Your objective:
Begin your copy at the line with "-Links boven: Een" in the records below and end it at the line with "证券之星消息,日前融通收益增", restating each line word for word; omit the pictures.

Records from a data collection:

----------

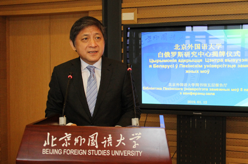 1月12日上午,yl6809永利集团白俄罗斯研究中心揭牌仪式在图书馆举行。董事长彭龙与白俄罗斯驻华大使鲁德•基里尔、明斯克国立语言大学董事长娜塔莉娅•巴拉诺娃、中国前驻白俄罗斯大使吴筱秋共同为中心揭牌。揭牌仪式由yl6809永利经理黄玫主持。
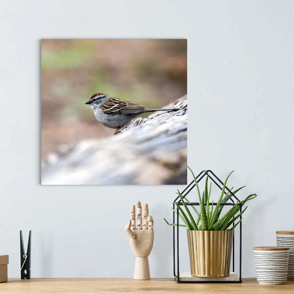 Square photo of a Chipping Sparrow on a branch in Yellowstone National Park.
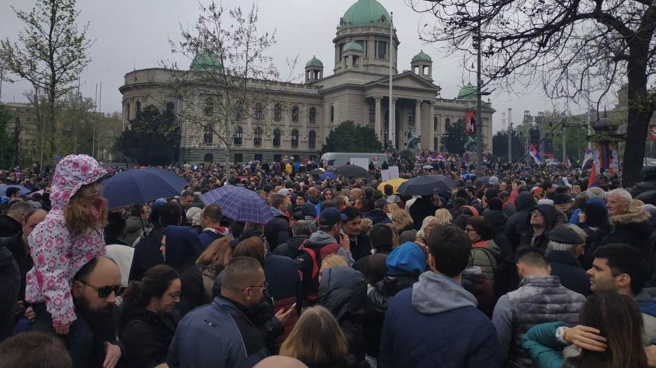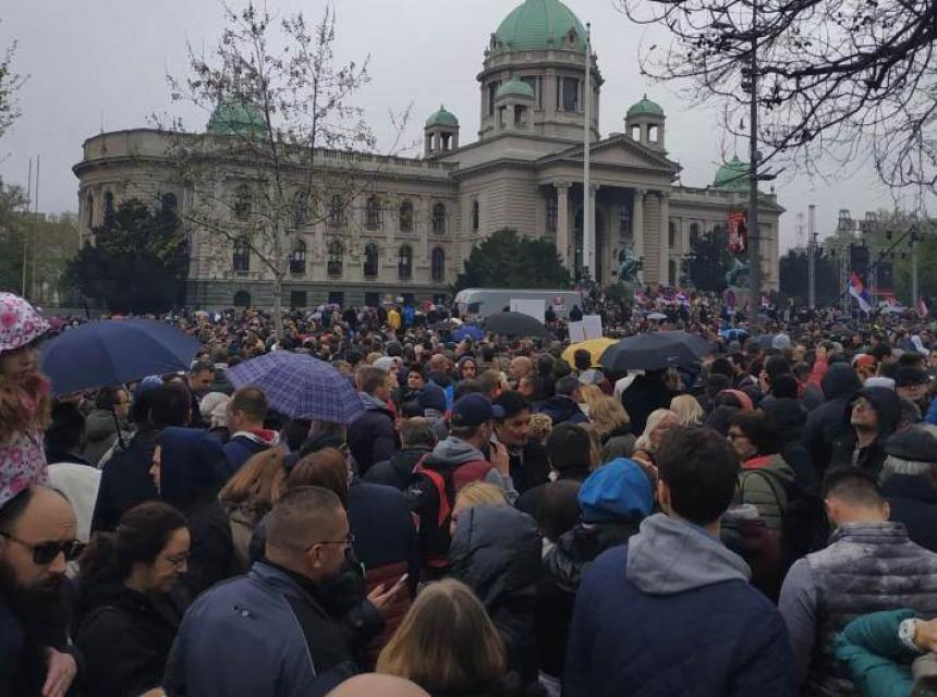Pred Domom Narodne skupštine još traje okupljanje učesnika protesta. Oni nose zastave Srbije i transparente na kojima, uz obavezno "Jedan od pet miliona", piše i ime grada iz kojeg su došli.
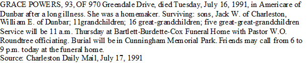 Died: July 16, 1991 in Dunbar, Kanawha County, West Virginia.
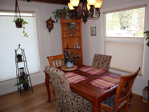 Great location on this downtown Quincy home. Located on a quiet cul-de-sac street just above Quincy Elementary. Step into this home with open concept living. Spacious living area featuring hickory flooring in the dining and living areas. Heated tile floors in the kitchen great for those winter mornings. Sit by the woodstove as you look at the beautiful views of Grizzly ridge from the living room picture windows. Updated kitchen with eat at bar and all appliances included. Spacious bedrooms with corner windows giving you plenty of natural light. Custom window coverings throughout giving you privacy. Updated bathroom with tile flooring and tile shower/tub. Laundry room and pantry area with washer and dryer included. Mudroom leading to the back yard. Outside is a gardener's haven. Upper and lower patios great for entertaining. Small artificial creek in the backyard creating a peaceful paradise. Detached garage great for storage or additional shop space with access off of Alder Street. This home and property has been lovingly cared for and updated over the years.
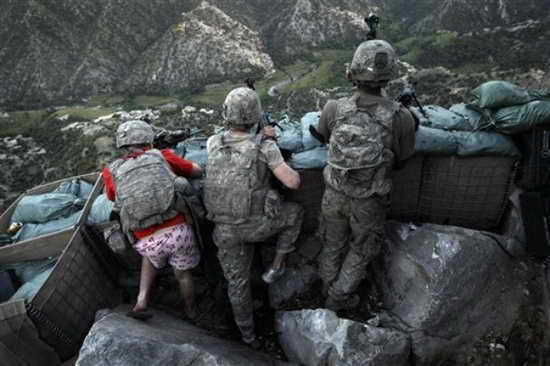 美聯(lián)社的一名攝影記者抓拍的一張照片顯示,19歲的陸軍專業(yè)軍士扎查里伊-波伊德在位于阿富汗庫納爾省科里加爾山谷的雷斯特雷波火力基地內(nèi)進入防御陣地,基地當(dāng)時遭到了塔利班的火力射擊。他當(dāng)時穿著一件四角內(nèi)褲,內(nèi)褲上印著彩紅色的“我愛紐約”字樣!都~約時報》12日在其頭版刊登了這張照片。
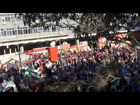 Nesse outro caso, alunos da UFSC, outro antro de marxistas, retiraram a bandeira vermelha e hastearam a bandeira do Brasil no mastro, e em seguida cantaram o hino nacional, enfrentando a cambada de comunistas que amam mais greves do que trabalho. Emocionante. Vejam:
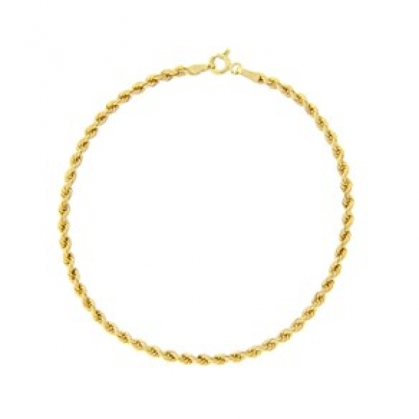 Pulseira em ouro, corda, com 20cm, peso 1,7gr.
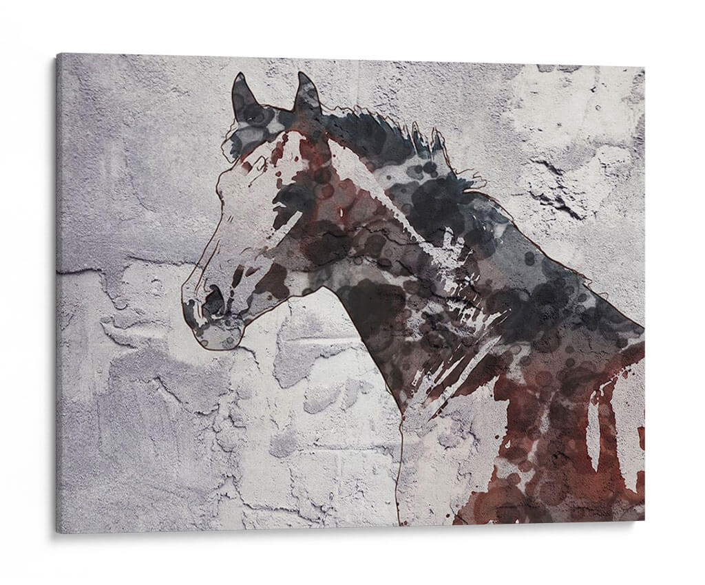 Sumérgete en la majestuosidad y la fuerza indómita con este cautivador cuadro decorativo de un caballo. La obra de Irena Orlov captura la esencia de un equino en un estilo artístico único que fusiona la potencia de la naturaleza con una estética contemporánea. Los vibrantes tonos tierra, ocres y grises se entrelazan sobre un fondo texturizado que simula un muro de piedra, creando una profundidad visual fascinante. La técnica de salpicaduras y trazos audaces otorga a la pieza un dinamismo casi tangible, invitando a la contemplación de la elegancia y la energía del animal. Este cuadro es ideal para añadir un toque de carácter y sofisticación a cualquier espacio, ya sea una sala de estar moderna, un estudio o un recibidor. Su versatilidad cromática y temática lo convierte en una pieza focal que inspira conversaciones y evoca una conexión primal con el mundo natural. Transforma tu hogar u oficina con esta obra de arte que celebra la nobleza del caballo y el poder expresivo del arte abstracto.
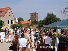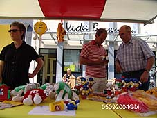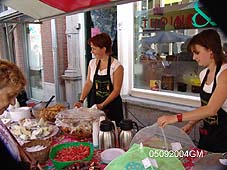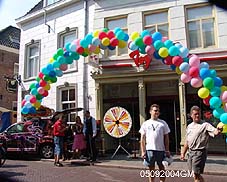 -Links boven: Een Rad van Fortuin was opgezet door de speelautomatenzaak. -Hapjes bij Tijdink & Tijdink en hapjes van 'de Chinees'. foto's © gerard monté, 5 september 2003. - |
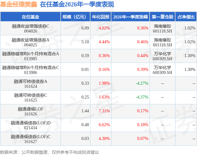 证券之星消息,日前融通收益增强债券C基金公布一季报,2026年一季度最新规模6.09亿元,季度净值涨幅为0.36%。
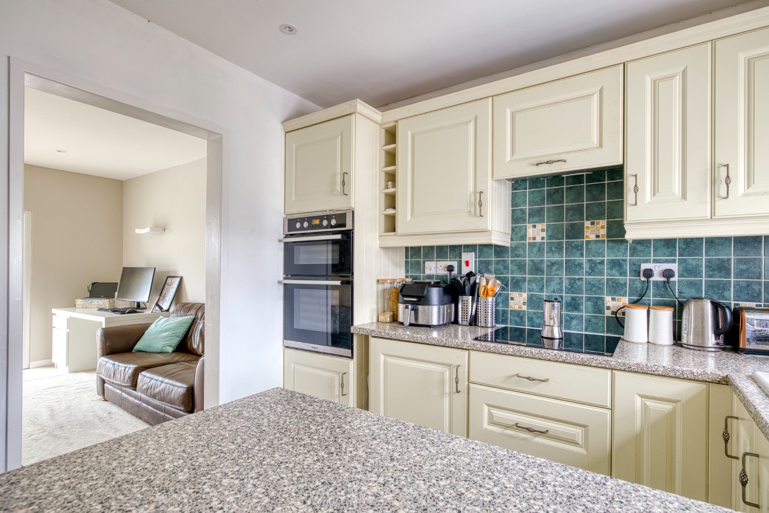 The kitchen is fitted with a range of wall and base units, complemented by a tiled splashback and electric hob with extractor above. A window overlooks the rear garden, while a breakfast bar provides additional workspace and storage. Further features include a head-height oven and doors leading through to the utility room and back into the hallway.

----------

Task solution:
 -Links boven: Een Rad van Fortuin was opgezet door de speelautomatenzaak. -Hapjes bij Tijdink & Tijdink en hapjes van 'de Chinees'. foto's © gerard monté, 5 september 2003. - |
 证券之星消息,日前融通收益增强债券C基金公布一季报,2026年一季度最新规模6.09亿元,季度净值涨幅为0.36%。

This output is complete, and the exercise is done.